__PROBLEM DETAILS__: Beginning with the line containing "- Features a", write out each line exactly through the end of the listing, and skip all pictures.

__DATA SEGMENT__:
____________
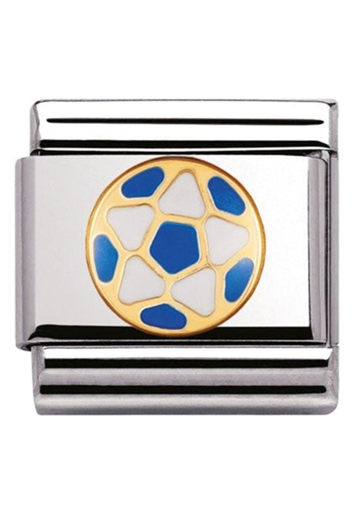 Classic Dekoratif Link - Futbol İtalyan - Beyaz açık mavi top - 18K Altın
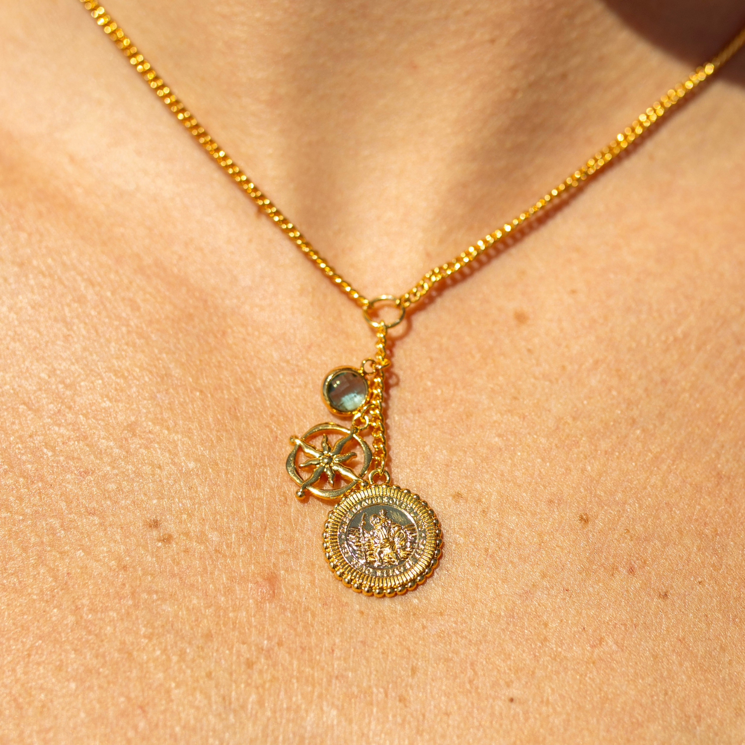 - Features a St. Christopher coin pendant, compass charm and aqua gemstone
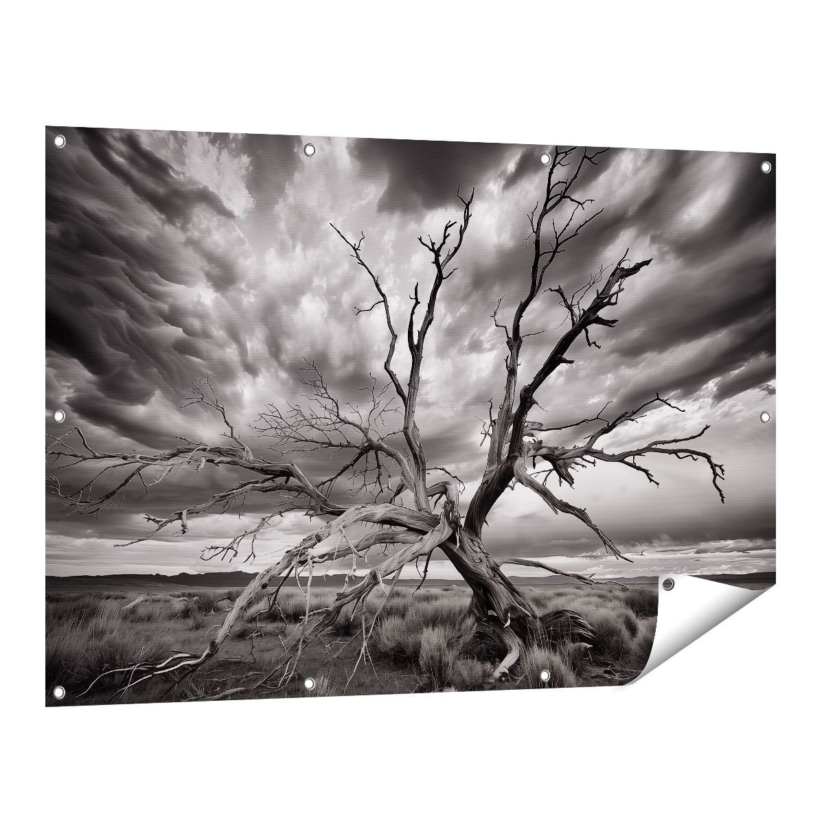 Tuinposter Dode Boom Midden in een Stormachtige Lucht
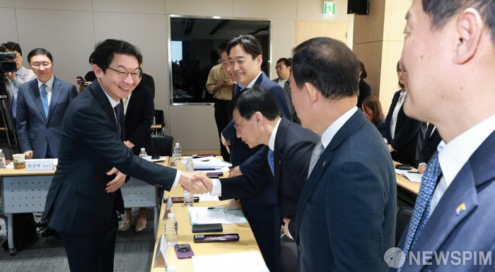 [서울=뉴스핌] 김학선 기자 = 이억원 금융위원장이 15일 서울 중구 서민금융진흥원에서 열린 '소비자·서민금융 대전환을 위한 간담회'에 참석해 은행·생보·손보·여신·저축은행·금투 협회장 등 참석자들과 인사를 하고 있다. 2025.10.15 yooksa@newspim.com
____________
__OUTPUT FOR THIS EXERCISE__:
 - Features a St. Christopher coin pendant, compass charm and aqua gemstone
 Tuinposter Dode Boom Midden in een Stormachtige Lucht
 [서울=뉴스핌] 김학선 기자 = 이억원 금융위원장이 15일 서울 중구 서민금융진흥원에서 열린 '소비자·서민금융 대전환을 위한 간담회'에 참석해 은행·생보·손보·여신·저축은행·금투 협회장 등 참석자들과 인사를 하고 있다. 2025.10.15 yooksa@newspim.com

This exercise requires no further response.